Information provided

◆ ◆ ◆

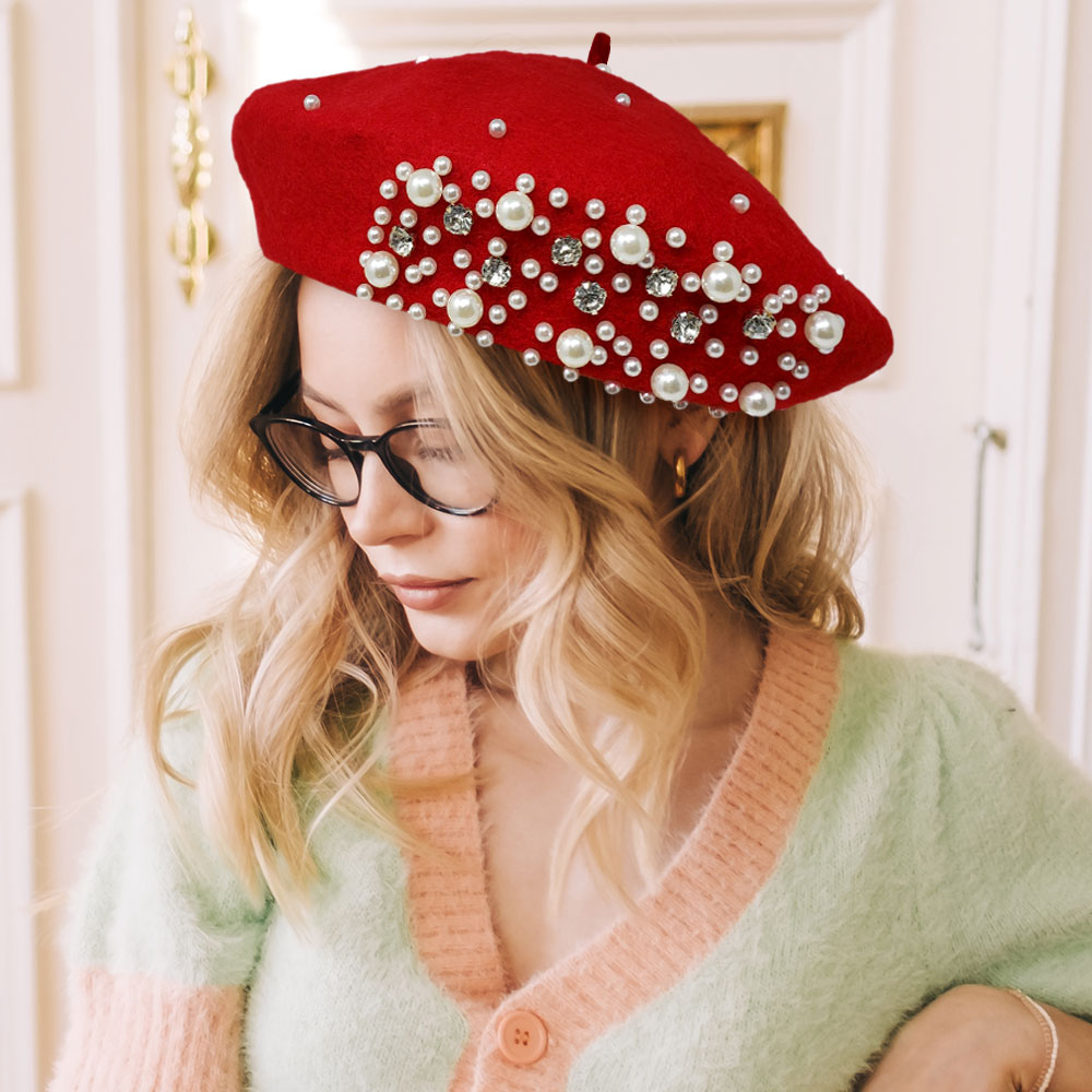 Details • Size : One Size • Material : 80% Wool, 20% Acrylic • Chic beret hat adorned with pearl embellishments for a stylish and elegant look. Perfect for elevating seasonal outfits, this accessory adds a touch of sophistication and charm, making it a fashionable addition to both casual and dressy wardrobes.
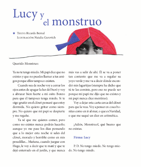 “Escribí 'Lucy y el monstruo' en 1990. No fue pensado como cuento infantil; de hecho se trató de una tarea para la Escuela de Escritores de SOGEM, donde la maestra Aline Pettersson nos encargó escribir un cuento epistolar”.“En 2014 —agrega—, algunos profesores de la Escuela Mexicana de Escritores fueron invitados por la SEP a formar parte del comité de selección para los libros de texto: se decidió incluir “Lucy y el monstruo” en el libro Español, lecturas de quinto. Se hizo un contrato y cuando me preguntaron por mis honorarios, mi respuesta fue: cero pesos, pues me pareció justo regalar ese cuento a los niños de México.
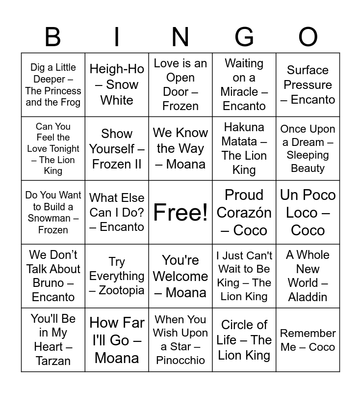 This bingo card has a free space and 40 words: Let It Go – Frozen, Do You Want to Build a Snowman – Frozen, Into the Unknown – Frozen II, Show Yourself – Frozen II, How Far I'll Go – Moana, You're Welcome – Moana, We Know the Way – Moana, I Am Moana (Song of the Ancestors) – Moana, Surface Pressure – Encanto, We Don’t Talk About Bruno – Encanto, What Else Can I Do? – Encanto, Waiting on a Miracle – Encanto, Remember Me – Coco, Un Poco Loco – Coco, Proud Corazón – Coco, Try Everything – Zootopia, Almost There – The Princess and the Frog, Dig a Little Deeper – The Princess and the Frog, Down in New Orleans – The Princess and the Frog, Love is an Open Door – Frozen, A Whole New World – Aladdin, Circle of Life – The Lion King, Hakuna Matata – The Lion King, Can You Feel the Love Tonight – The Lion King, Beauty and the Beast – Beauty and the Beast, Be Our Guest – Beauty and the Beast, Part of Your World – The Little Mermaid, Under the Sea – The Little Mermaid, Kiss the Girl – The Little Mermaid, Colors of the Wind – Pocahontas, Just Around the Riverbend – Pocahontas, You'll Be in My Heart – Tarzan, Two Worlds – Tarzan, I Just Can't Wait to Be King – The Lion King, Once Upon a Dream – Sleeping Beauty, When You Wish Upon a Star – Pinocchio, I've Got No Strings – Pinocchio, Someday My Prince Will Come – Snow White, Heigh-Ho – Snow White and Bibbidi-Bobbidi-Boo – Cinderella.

◆ ◆ ◆

What is needed is the listing above, repeated verbatim, without its images.

Solution for this task
 Details • Size : One Size • Material : 80% Wool, 20% Acrylic • Chic beret hat adorned with pearl embellishments for a stylish and elegant look. Perfect for elevating seasonal outfits, this accessory adds a touch of sophistication and charm, making it a fashionable addition to both casual and dressy wardrobes.
 “Escribí 'Lucy y el monstruo' en 1990. No fue pensado como cuento infantil; de hecho se trató de una tarea para la Escuela de Escritores de SOGEM, donde la maestra Aline Pettersson nos encargó escribir un cuento epistolar”.“En 2014 —agrega—, algunos profesores de la Escuela Mexicana de Escritores fueron invitados por la SEP a formar parte del comité de selección para los libros de texto: se decidió incluir “Lucy y el monstruo” en el libro Español, lecturas de quinto. Se hizo un contrato y cuando me preguntaron por mis honorarios, mi respuesta fue: cero pesos, pues me pareció justo regalar ese cuento a los niños de México.
 This bingo card has a free space and 40 words: Let It Go – Frozen, Do You Want to Build a Snowman – Frozen, Into the Unknown – Frozen II, Show Yourself – Frozen II, How Far I'll Go – Moana, You're Welcome – Moana, We Know the Way – Moana, I Am Moana (Song of the Ancestors) – Moana, Surface Pressure – Encanto, We Don’t Talk About Bruno – Encanto, What Else Can I Do? – Encanto, Waiting on a Miracle – Encanto, Remember Me – Coco, Un Poco Loco – Coco, Proud Corazón – Coco, Try Everything – Zootopia, Almost There – The Princess and the Frog, Dig a Little Deeper – The Princess and the Frog, Down in New Orleans – The Princess and the Frog, Love is an Open Door – Frozen, A Whole New World – Aladdin, Circle of Life – The Lion King, Hakuna Matata – The Lion King, Can You Feel the Love Tonight – The Lion King, Beauty and the Beast – Beauty and the Beast, Be Our Guest – Beauty and the Beast, Part of Your World – The Little Mermaid, Under the Sea – The Little Mermaid, Kiss the Girl – The Little Mermaid, Colors of the Wind – Pocahontas, Just Around the Riverbend – Pocahontas, You'll Be in My Heart – Tarzan, Two Worlds – Tarzan, I Just Can't Wait to Be King – The Lion King, Once Upon a Dream – Sleeping Beauty, When You Wish Upon a Star – Pinocchio, I've Got No Strings – Pinocchio, Someday My Prince Will Come – Snow White, Heigh-Ho – Snow White and Bibbidi-Bobbidi-Boo – Cinderella.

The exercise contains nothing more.